One may find faults aplenty in my grand schemes when it comes down to taking trips – the most conspicuous being my disorganisation and lack of foresight, meaning I often leave my front door with barely any schemes at all.
Yet for whatever reasons, positive or negative attributes, ultimate I don’t plan – not much ahead, at least – because of my faith in spontaneity and serendipity.
Still, things can go wrong. Things do go wrong.
In hindsight I may belittle the danger level and difficulty of my hitchhiking trip across Canada – only because nothing life-threatening, or even so much as skin-grazing, had happened to me at all. But that didn’t mean, before and during the long journey, potential risks didn’t linger at the corner of my eye, and creeping up my body ready to cause some major damage.
I could’ve been zapped by lightning amidst a harrowing thunderstorm in Winnipeg.
My ride could’ve hit a moose on the dark Ontario highway, or be attacked by a grizzly whilst I sleep inside it in the wilderness.
I could’ve been hacked to pieces by an ill-intentioned driver, who deceived me with faux-hospitality and lured me to my doom.
They didn’t happen – but it didn’t mean it couldn’t have.
The question, if I must ask myself it, wasn’t how to avoid these risks at all cost; rather, between passionately pursuing activities such as hitchhiking – undoubtedly an epitome of spontaneous travel – and equally-as-zealously staying alive, how can I strike a balance between the two?
That time at the boarding gate
I counted: my boarding call had been announced at least three times – yet I was confined to a corner of the airport pub, mobile phone glowing hot against my ear lobe, as I desperately attempted to purchase travel insurance.
Partly by the twisted designs of fate – and more still the insecure nature of the journey I was about to embark on – none of the companies I contacted would cover hitchhiking as an insured activity.
Pacing twice the speed of the current, I zigzagged between sauntering voyagers through never-ending passages and carousels – all whilst frantically finalising an insurance deal on the phone, settling one that merely covered ‘extreme activities’. I gingerly whispered my bank details in the shortening queue leading up to the boarding gate, which raced against the cumbersome processing of payment and registration the insurance agent teased my anxiety with.

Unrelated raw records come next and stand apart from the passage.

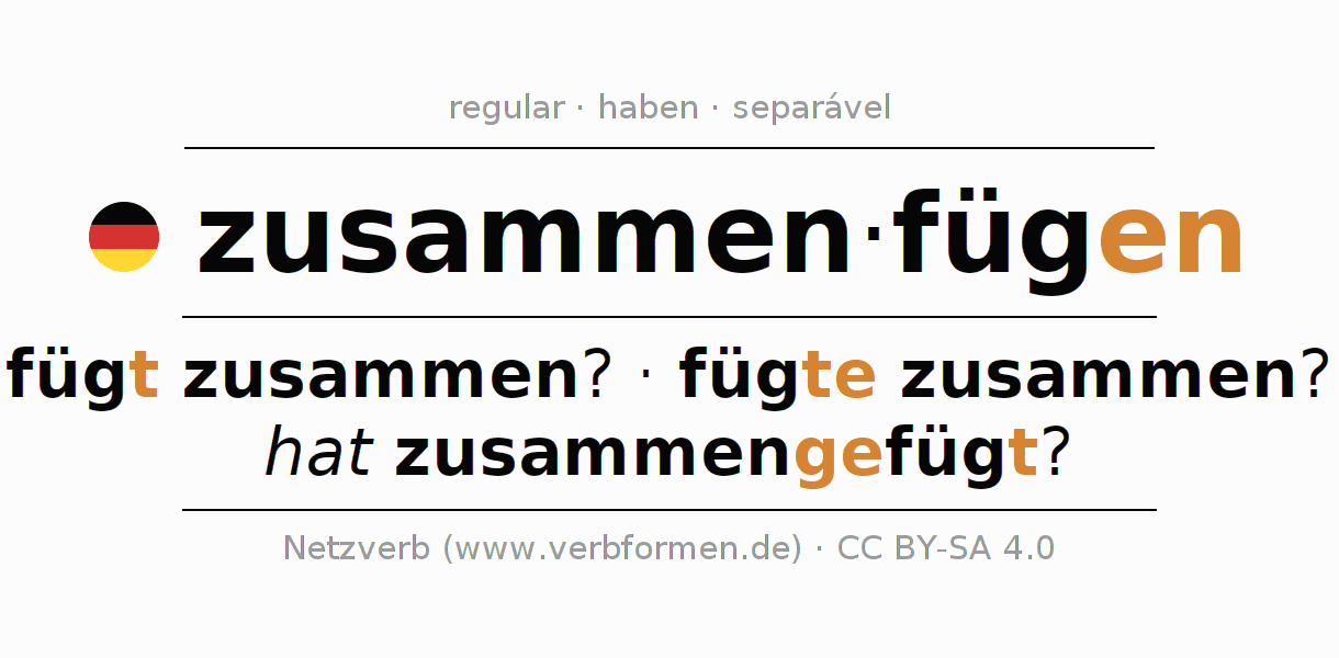 Conjugação simples no presente, pretérito, imperativo e conjuntivo do verbo zusammenfügen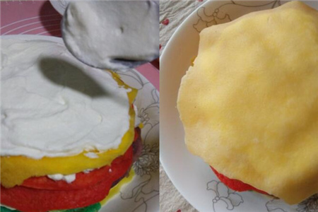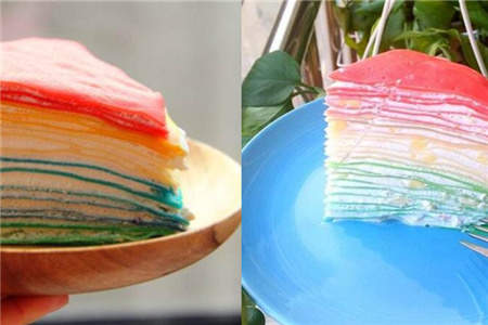将面饼按照彩虹颜色的顺序进行摆放,每层面饼之间涂上一些奶油。这样彩虹千层蛋糕就全部制作好了,切开后你就会看见绚丽颜色了,是不是有一种很浪漫的感觉呢。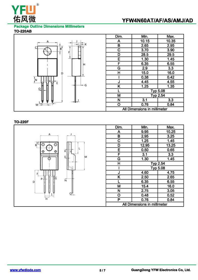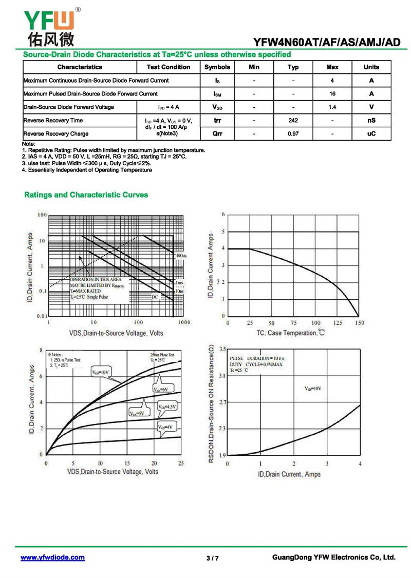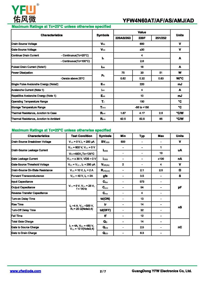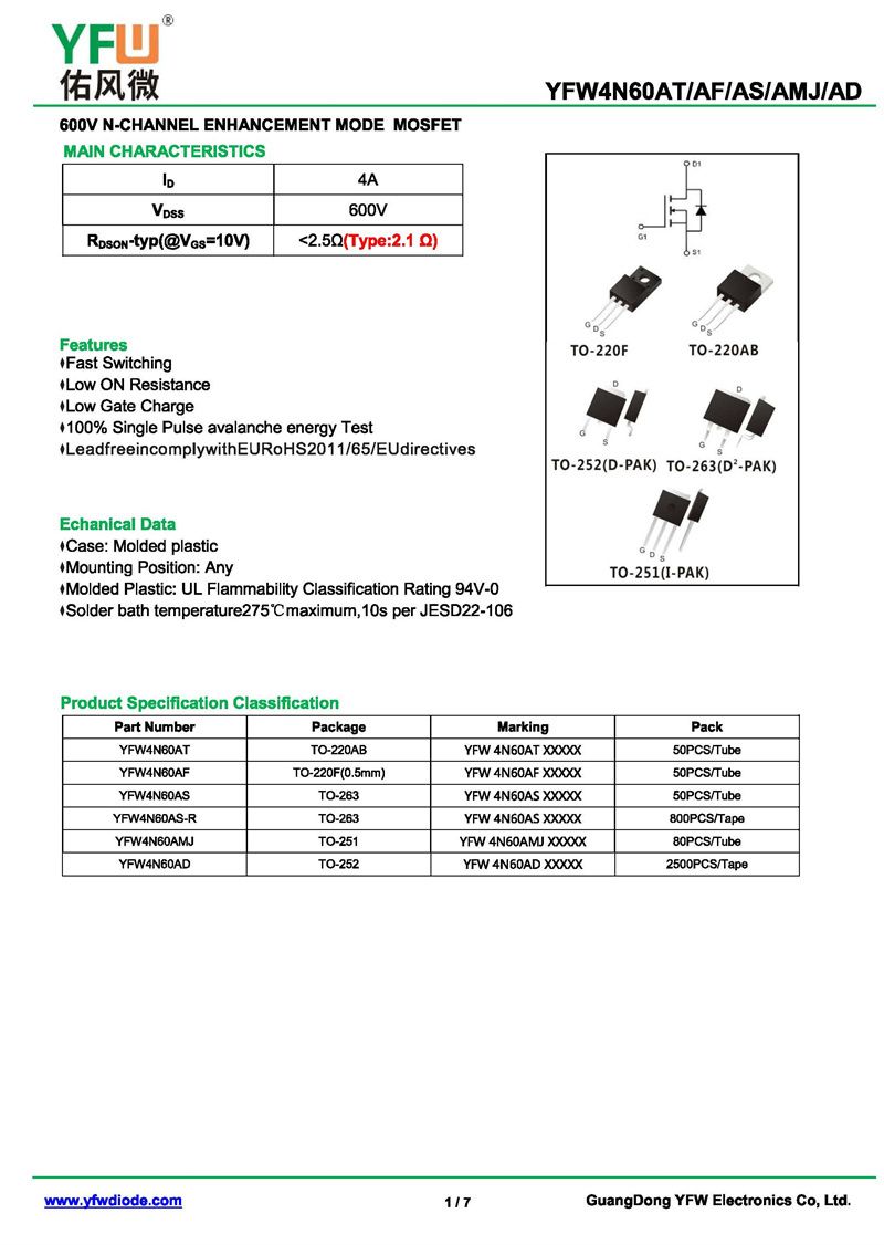 場效應管YFW4N60AF 規格書_價格_PDF手冊-廣東佑風微原廠YFW4N60AF TO-220F_(YFW佑風微)品牌

Then, as I submitted my ticket for inspection, I ended the call with a travel insurance – just as I stepped onto the plane and embarked on the journey.

Element of risk
There were more pressing concerns – as far as I was concerned, anyway – during the planning and preparation phase of the most danger-laden journey of my life than acquiring insurance. Besides, the sheer utterance of my possession of travel insurance wouldn’t stop a striking lightning bolt; neither would rolled-up papers of the policy stave off the incoming claws of an ambushing bear.
A bear spray might.
In mountaineering terms, there are subjective and objective hazards. Whilst I could minimise subjective risks – be better equipped, develop sharper instincts, appropriate charisma and harmony, bring a bear spray – hitchhiking, nonetheless, is an activity more submerged in the murky unpredictability. Regardless of my presence, tragedies beyond my control and unhindered by elaborate preparation could happen.
Whilst it may not deflect the path of impending misfortunes, at least travel insurance provides some immunity against effects of the aftermath. After all, even if the last-pitch insurance wasn’t of use during the Grand Canadian Hitchhike, it did come in handy when I had fallen ill and ended up in hospital in Innsbruck, and again in Muscat, since I bought a year’s worth of cover.
Still, a prevention mechanism may it be, ultimately it’ll be one’s instincts and knowledge that’ll come handy in the face of danger. Insurance, to me, is a baseless line of defence and reinforcement of confidence: it doesn’t kick in until things have happened, and it only gives confidence that, after a great deal of suffering has happened, a meagre proportion of your interests is looked after.
What spontaneous travel can empower you with, however, are skills and instincts. Trusting in yourself, your hard-learned lessons, flexibility and quick-thought manoeuvres garnered through mistakes and glances at danger will give you the chances of survival and, more importantly, the confidence you need venturing out of your comfort zone.
Maybe I shouldn’t have left the purchase till the last minute. But then, after all, the experience has taught me how to run after a departing plane whilst timely negotiating a purchase on the phone.